Cuando encontré la definición matemática de derivada y comprobé que se trataba, tal y como había dicho mi padre, de “un límite infinitesimal”, sentí verdadero vértigo. Estaba en el hospital, con un libro de matemáticas en la mano, sentado en el incómodo sofá que había en su habitación. Recordaba haberle oído a mi padre la expresión “infinitesimal”: era algo así como un sinónimo de “lo infinitamente pequeño”. El límite que definía a la derivada tenía una expresión compleja pero comprendí que consistía en calcular pendientes mediante triángulos cada vez más pequeños, cada vez más localizados en el punto de intersección.

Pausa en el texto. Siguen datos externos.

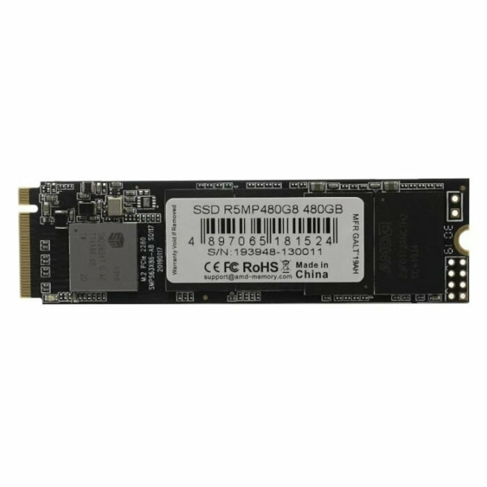 SSD M.2 накопитель AMD Radeon R5 NVMe Series [] имеет значительный объем: величина этого показателя составляет 480 ГБ. Перед вами – скоростное твердотельное устройство, обмен данными с которым производится с использованием интерфейса PCI-E 3.0 x4. Модель обладает совместимостью с портативными и стационарными компьютерами, в которых реализована поддержка технологии NVMe. Форм-фактор накопителя – 2280. Тип ключа – M. SSD M.2 накопитель AMD Radeon R5 NVMe Series [] способен обеспечить скорость последовательноготения, максимальное значение которой составляет 2100 МБ/с. Максимальная скорость последовательной записи – 1600 МБ/с. Устройство управляется широко распространенным контролером Silicon Motion SM2263. Типипов памяти – TLC 3D NAND. Накопитель имеет одностороннюю компоновкуипов памяти. Устройство произведено с использованием привлекательно выглядящего темно-синего текстолита. Роль упаковки устройства исполняет блистер, конструкция которого позволяет ознакомиться с внешним видом содержимого без распаковки.

Estaba imaginándome que me movía por esos triángulos minúsculos cuando tuve una intuición definitiva, de total claridad. Supe que mi padre se disponía a morir, que había llegado el momento, que estaba a punto de suceder. Dejé caer el libro al suelo y me coloqué a su lado con un nudo en el estómago. Mi mente solo era capaz de repetir, como si fuera un mantra, la muerte es un límite infinitesimal, y me imaginaba un contador numérico que mostraba cifras cada vez más cercanas a cero, como un cronómetro en una cuenta atrás. “Hay que mirar, hay que mirar muy bien”, había dicho mi padre, y en aquel momento decidí que miraría con él. Sus párpados estaban cerrados pero yo sabía que en su interior estaba atento, con su insistencia de matemático militante, mirando muy bien la forma y pendiente que tendrían aquellos triángulos, mirando muy bien si la muerte era tangente o secante.

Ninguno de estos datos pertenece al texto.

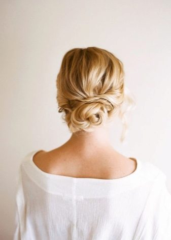 To create it, the hair is pulled back, providing volume on the back of the head, several free strands are left around the face.

Le cogí de la mano y lo acompañé hasta el final. Sé que no tiene importancia, que poca gente debe de dársela: en un momento estamos vivos y al siguiente estamos muertos y poco importa, en realidad, la transición entre un estado y el otro. Mi padre murió y nada cambian las matemáticas que nos preguntásemos, de nada sirve saber si la muerte es tangente o secante. Para mí el valor está en otro lugar. Mi padre murió haciendo lo que más le gustaba, y yo me siento orgulloso de haber estado con él, y de haberlo hecho de aquella manera. Comprendí y compartí su inquietud, y sentí que lo hacía por gratitud, por amor. Sus facciones estaban totalmente relajadas y tenía los ojos cerrados, pero por la postura del cuello y de la cabeza daba la impresión de estar soñando, como si pudiera ver algo más allá, por encima de él. Apoyé mi cabeza sobre su pecho, que se movía de un modo ya casi imperceptible. Afiné el oído y me concentré en escuchar sus latidos. Si la muerte era un límite infinitesimal, se trataba de presenciar el momento exacto en que aquellos triángulos se desvanecían, el instante en que la derivada se significaba y daba lugar a un resultado. Cerré los ojos yo también y reviví la intensidad que había vivido en la playa, cuando me había sentido parte de aquella tangencia. No creo que olvide nunca aquellos segundos, aquella franja de tiempo en la que estuve atento a la muerte de mi padre, atento al resultado de aquel límite infinitesimal. Sus latidos se fueron sucediendo cada vez más lentos, cada vez más lejanos y debilitados, hasta que, de pronto, dejé de notarlos. Un silencio seco me atravesó el alma; fue un silencio audible, aunque esto sea una contradicción. Aparté mi cabeza de su pecho y lo miré. Su rostro transmitía una paz absoluta. Supuse que aquella sería la expresión que adoptaba cada vez que resolvía un problema matemático, y no pude evitar sonreír. Creo que estuve allí más de una hora, en silencio, a su lado, antes de avisar a nadie. Por la ventana empezaba a asomarse la luz tímida del alba. Abrí las cortinas y me quedé observando el cielo. No tardó mucho en salir el sol.